■ **WHAT THIS TASK INVOLVES**
Below is a set of entries. Print the line that contains "Dekton Steinn á" and every later line word for word, through the final one.

Items listed in a dataset

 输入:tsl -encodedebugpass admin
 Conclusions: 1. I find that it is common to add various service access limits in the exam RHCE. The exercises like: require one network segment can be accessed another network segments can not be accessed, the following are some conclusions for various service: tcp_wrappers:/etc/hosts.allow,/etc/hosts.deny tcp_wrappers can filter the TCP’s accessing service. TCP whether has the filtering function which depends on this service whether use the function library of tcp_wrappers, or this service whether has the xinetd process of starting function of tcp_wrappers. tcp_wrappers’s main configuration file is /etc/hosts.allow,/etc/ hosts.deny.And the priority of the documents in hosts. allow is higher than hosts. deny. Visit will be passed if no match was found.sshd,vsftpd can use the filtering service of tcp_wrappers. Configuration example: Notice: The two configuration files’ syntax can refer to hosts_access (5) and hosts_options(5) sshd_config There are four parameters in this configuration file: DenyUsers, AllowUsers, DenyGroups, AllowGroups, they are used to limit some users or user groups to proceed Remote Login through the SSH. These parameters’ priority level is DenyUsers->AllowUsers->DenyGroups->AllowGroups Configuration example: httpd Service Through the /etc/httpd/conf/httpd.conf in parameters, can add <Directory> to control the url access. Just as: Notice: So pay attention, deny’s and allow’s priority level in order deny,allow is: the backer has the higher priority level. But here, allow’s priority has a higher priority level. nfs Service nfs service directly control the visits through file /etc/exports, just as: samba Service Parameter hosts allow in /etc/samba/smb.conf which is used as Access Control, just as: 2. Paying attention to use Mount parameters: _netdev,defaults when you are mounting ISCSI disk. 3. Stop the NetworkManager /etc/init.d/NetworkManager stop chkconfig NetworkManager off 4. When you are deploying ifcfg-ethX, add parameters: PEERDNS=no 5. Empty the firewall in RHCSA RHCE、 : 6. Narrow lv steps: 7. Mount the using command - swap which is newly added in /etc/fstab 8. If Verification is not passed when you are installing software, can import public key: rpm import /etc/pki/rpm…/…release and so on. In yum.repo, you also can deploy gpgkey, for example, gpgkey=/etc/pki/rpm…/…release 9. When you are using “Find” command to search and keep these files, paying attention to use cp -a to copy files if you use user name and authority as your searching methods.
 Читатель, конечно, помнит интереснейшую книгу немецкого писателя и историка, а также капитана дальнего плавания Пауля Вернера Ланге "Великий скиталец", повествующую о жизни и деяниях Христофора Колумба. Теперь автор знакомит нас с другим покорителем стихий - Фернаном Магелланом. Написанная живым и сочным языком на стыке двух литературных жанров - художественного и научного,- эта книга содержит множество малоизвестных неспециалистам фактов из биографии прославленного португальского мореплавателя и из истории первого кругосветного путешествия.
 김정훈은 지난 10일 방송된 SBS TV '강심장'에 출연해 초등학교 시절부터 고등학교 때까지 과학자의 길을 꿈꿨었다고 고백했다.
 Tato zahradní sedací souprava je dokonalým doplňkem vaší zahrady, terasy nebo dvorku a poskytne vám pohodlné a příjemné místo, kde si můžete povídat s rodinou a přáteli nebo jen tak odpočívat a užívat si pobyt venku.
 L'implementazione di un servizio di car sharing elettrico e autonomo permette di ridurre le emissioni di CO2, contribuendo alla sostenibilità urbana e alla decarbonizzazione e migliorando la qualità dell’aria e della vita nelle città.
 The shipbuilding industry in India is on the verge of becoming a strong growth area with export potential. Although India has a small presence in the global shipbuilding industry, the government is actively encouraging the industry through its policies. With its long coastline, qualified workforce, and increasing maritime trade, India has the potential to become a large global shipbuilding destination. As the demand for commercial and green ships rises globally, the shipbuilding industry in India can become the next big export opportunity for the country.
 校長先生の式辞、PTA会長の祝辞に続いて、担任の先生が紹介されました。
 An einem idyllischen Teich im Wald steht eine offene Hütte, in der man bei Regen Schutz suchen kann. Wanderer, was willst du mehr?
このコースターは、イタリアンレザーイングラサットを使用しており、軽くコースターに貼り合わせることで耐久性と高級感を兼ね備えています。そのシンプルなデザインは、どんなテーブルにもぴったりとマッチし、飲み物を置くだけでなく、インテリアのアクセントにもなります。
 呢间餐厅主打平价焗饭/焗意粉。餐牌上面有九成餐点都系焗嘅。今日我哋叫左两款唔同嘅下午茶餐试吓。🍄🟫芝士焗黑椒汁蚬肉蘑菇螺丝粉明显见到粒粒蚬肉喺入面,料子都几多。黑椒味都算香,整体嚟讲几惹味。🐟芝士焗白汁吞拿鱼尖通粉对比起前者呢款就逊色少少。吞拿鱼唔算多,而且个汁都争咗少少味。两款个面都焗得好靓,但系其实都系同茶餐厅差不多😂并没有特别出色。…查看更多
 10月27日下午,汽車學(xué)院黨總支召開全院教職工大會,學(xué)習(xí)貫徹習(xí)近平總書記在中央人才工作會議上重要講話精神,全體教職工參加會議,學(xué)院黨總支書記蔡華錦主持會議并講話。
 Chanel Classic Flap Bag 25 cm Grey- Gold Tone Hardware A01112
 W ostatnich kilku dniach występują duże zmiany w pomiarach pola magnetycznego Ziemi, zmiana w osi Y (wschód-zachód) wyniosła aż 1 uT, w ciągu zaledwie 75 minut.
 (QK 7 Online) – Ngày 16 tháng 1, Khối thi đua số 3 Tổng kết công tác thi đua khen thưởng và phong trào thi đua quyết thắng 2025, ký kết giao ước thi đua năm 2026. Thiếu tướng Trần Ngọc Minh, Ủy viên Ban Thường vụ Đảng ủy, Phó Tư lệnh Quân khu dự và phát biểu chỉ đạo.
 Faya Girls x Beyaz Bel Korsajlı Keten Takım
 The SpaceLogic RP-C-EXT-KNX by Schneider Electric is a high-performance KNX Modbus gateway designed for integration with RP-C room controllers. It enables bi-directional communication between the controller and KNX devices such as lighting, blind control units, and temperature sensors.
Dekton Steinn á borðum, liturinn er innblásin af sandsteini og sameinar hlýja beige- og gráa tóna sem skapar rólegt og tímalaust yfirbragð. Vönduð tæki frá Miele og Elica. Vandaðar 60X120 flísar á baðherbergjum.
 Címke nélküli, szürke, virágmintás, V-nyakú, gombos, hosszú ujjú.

■ **SOLUTION TO THIS PROBLEM**
Dekton Steinn á borðum, liturinn er innblásin af sandsteini og sameinar hlýja beige- og gráa tóna sem skapar rólegt og tímalaust yfirbragð. Vönduð tæki frá Miele og Elica. Vandaðar 60X120 flísar á baðherbergjum.
 Címke nélküli, szürke, virágmintás, V-nyakú, gombos, hosszú ujjú.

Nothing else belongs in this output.